INTRODUCTION
Resistance exercise is known to have beneficial effects in the musculoskeletal system and widely recommended for preventive and rehabilitative programs of physical activity by major professional health organizations1. Resistance exercise incorporates a combination of concentric, eccentric, and isometric muscle contractions.

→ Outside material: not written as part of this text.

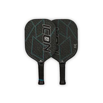 Utilizing high grade Japanese sourced carbon fiber the face is the perfect blend of stiffness and comfort for a soft but powerful feel. In the core our 8mm PP honeycomb allows you to play comfortably from the baseline with easy power. Spin RP, our proprietary two component polyurethane coating allows the Icon to be the most spin friendly USAPA approved paddle on the market. Perfectly balanced and beautifully designed with a sleek edge guard and high end graphics. The Icon is the next generation of pickleball paddles.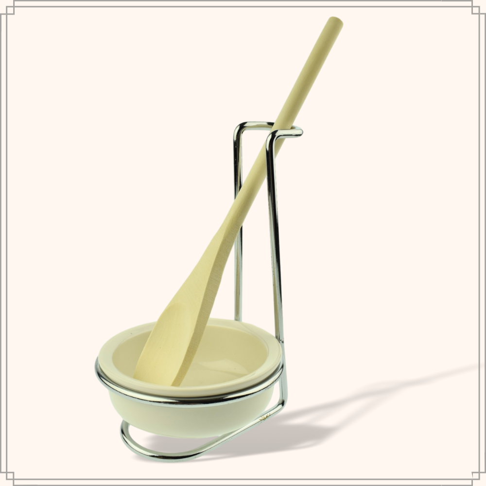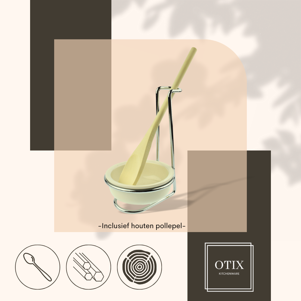 - Plaats je lepel tijdens het koken in de RVS lepelhouder

Eccentric exercise is a more effective method in improving muscle strength2 and often used by athletes and other individuals.
Eccentric exercise is associated with increased oxidative stress and inflammation3-5, both of which impair endothelial function6. Endothelial function is commonly evaluated by brachial artery flow-mediated dilation (FMD)7,8. Recently, we observed decreased FMD in sedentary subjects performing eccentric exercise9, as well as in those performing other types of resistance exercise10,11. Decreased FMD is an early hallmark of cardiovascular disease and a strong predictor of future cardiovascular events12. Therefore, despite the favorable effects of eccentric exercise in the musculoskeletal system, interventions are necessary to attenuate a decrease in endothelial function following eccentric exercise.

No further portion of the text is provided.